The fix: Add ingredients with both protein and healthy fats
This is a smoothie mistake with an easy fix. Schwarz says to incorporate ingredients that are high in both protein and healthy fats so it rounds out your smoothie with just one touch. Greek yogurt or a nut butter (almond or peanut) make for a richer texture.
Peanut butter is a delicious smoothie ingredient:
The mistake: Disregarding portion size
Portion sizes can be tricky enough to think about when something is on a plate; it can be even more difficult when the food is being blended up into a liquid. "Sometimes, people will drink double the portion size without even realizing it," Rifkin says.
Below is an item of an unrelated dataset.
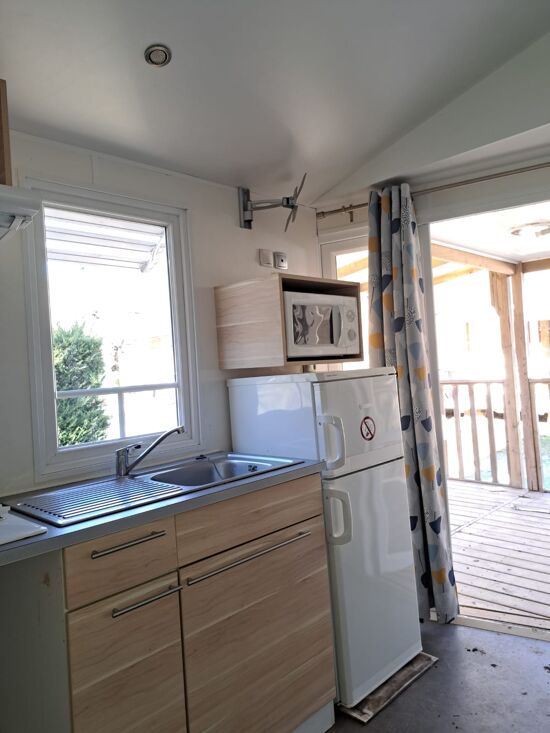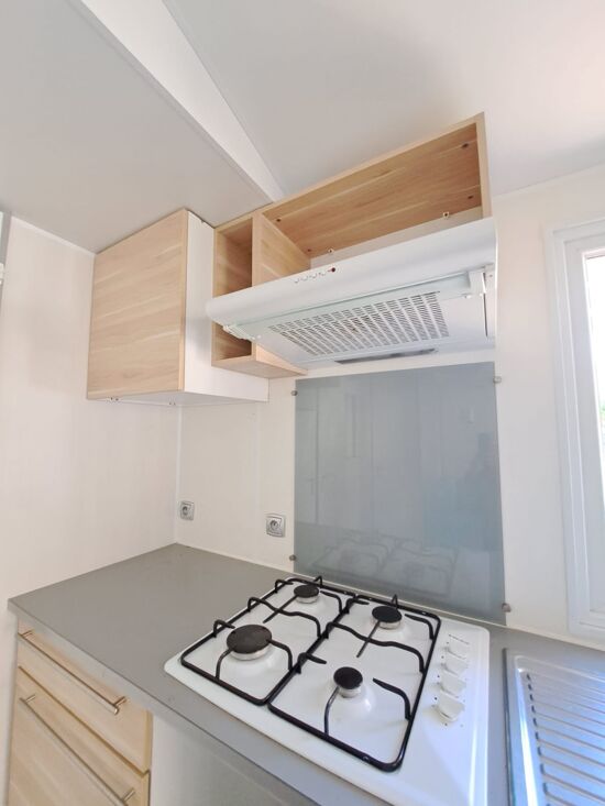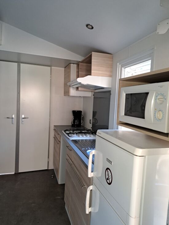 Cuisine aménagée d'un réfrigérateur/congélateur, plaque de cuisson gaz, hotte, lave-vaisselle, micro-onde, cafetière, télévision, vaisselle et ustensiles de cuisine

The fix: Think about the portion size of each ingredient
This one just takes being a bit more mindful of how much of each ingredient you're adding to your blender. With protein, Barkyoumb says to aim for at least 15 to 20 grams in total. When food is blended, it cuts down on its physical size.
This acacia fiber smoothie is fantastic for your gut health:
The mistake: Assuming smoothies can be made with only fresh fruits and veggies
Your crisper contains some of the best ingredients to incorporate into a smoothie, but it's a big mistake to ignore frozen fruits and vegetables, says Barkyoumb. "My favorites are frozen spinach or frozen riced cauliflower," she says.
The fix: Keep frozen fruits and vegetables in the front of your freezer so you don't forget about them
Too often bags of frozen vegetables are completely forgotten about. Keep your frozen fruits and veggies in the front of the freezer so you'll see them every time you peek inside. That way, you'll remember to actually use them next time you fire up your blender.
There's no shortage of smoothies you can make that deliver on nutrition just as much as they deliver on taste. The key, is striking a balance. Even while avoiding these common mistakes, there's plenty of room to experiment. That's the fun—and tastiest—part!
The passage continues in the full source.